We know what failure to do this looks like. Ryan Williams, an entrepreneur, former member of Parliament and Fellow of the Balsillie School of International Affairs in Waterloo, recently appeared before the House of Commons standing committee on science and research. His testimony was startling.

Canada’s digital economy “is booming,” he said, generating more than $100-billion in revenue a year. We own little of it. Mr. Williams points out that “87 per cent of our innovation is foreign owned” and that Canadian-controlled venture funding for research and development is a relative pittance.

“In 2025, U.S. startups raised US$91.5-billion in venture funding” while Canada has generated $920-million, yet, as Mr. Williams highlights, “80 per cent of that was U.S.-controlled.”

We nurture talent that generates productivity-enhancing intellectual property and largely ignore it, leaving U.S. entrepreneurs and others to profit from our indifference while our wages and living standards whither.

Canadians should know how this plays out in practice. Consider the example of Ucore Rare Metals Inc., reported on last week in The Wall Street Journal. The Canadian company based in Bedford, N.S., received US$18-million from the Pentagon to “build its first commercial plant in Louisiana, which will turn raw rare earths into oxides used by many industries.”

Ucore’s CEO, Pat Ryan, was quoted saying, “We’re looking at this as a Manhattan Project. You have got to move quickly to get this job done.” The Louisiana plant is expected to be operational next year. Ucore’s shares are up 700 per cent.

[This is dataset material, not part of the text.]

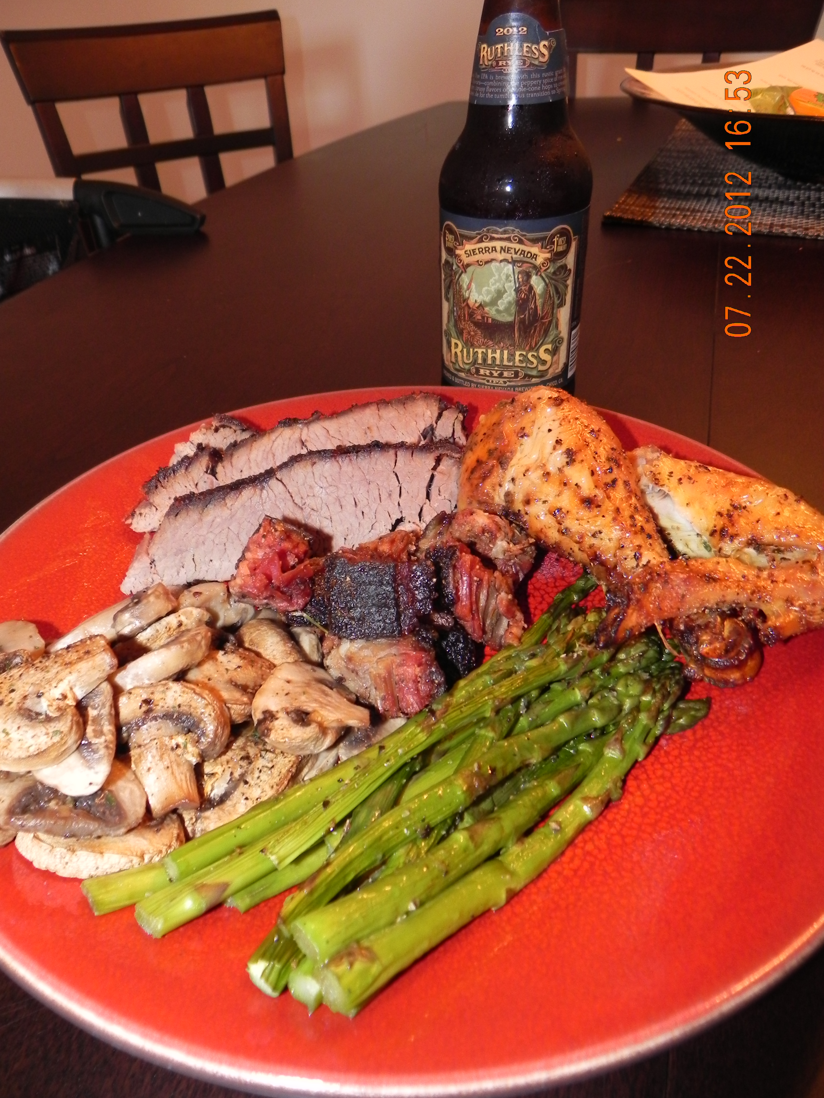 Okay everyone, wanted to post one last picture. This is the final end product that we're just about to sit down and enjoy. The flat is a little overdone, probably due to high cook temps last night, but it's all pretty tasty. Gotta love that all of this came from the Egg, and really from a single cook. Hope everyone else enjoys as much as we will.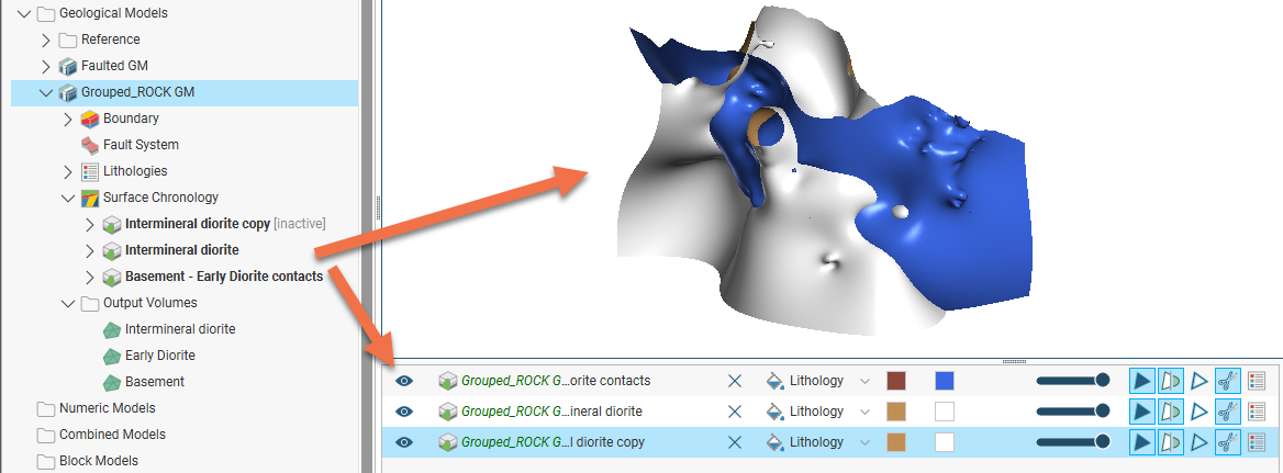 ) describes the contact surfaces in the model, organised in chronological order, from youngest to oldest. These surfaces and their chronology determine how the volume inside the model extents is divided into lithological units. When the model is first created, the Surface Chronology is empty, but it will eventually hold all contact surfaces and inputs to them. - The Output Volumes folder contains all the volumes (

Such efforts by the U.S. government involve partnerships with private enterprise such as America’s largest bank, JPMorgan, which launched a US$1.5-trillion strategic-industries investment fund. It will “make direct equity and venture-capital investments of up to $US10-billion to help select companies primarily in the United States enhance their growth, spur innovation and accelerate strategic manufacturing.”

The fund may play a role in another much larger U.S. government effort that leverages Canadian expertise and critical minerals – the US$80-billion deal penned last week with Canadian companies Brookfield Asset Management Ltd. and Cameco Corp to build eight large nuclear reactors through Westinghouse Electric Co.

This is what Canada is competing against.

While Canadian companies are securing tangible commitments from the U.S. government and investors, Ottawa is signing international agreements to open new markets for Canadian critical minerals that will materialize in some distant future. This is laudable, yet overdue.

Natural Resources Minister Tim Hodgson said last week that Canada would lead a new G7 critical-minerals pact that would guarantee markets and deliver stable returns using price floors as well as stockpiling to combat China weaponizing its dominance in such minerals.

In Ontario, Premier Doug Ford just signed an important partnership deal with the Webequie First Nation. The Webequie are completing the environmental assessment for the supply road to the province’s critical-mineral-rich Ring of Fire. The assessment is due this January. Mr. Ford wants the road construction to begin in the coming spring.

That is unlikely. Regardless of the environmental assessment by the Webequie, Ottawa will conduct its own review using Canada’s Impact Assessment Act, delaying road construction, critical-mineral mining, and the 70,000 jobs that Mr. Ford says the project will generate atop the $22-billion it would add to the country’s economy. It’s time for Mr. Carney to give his “build, baby, build” election slogan meaning.

Today, Canada is too much like The Bay in a Costco world. Tomorrow’s budget should change that for everyone’s sake.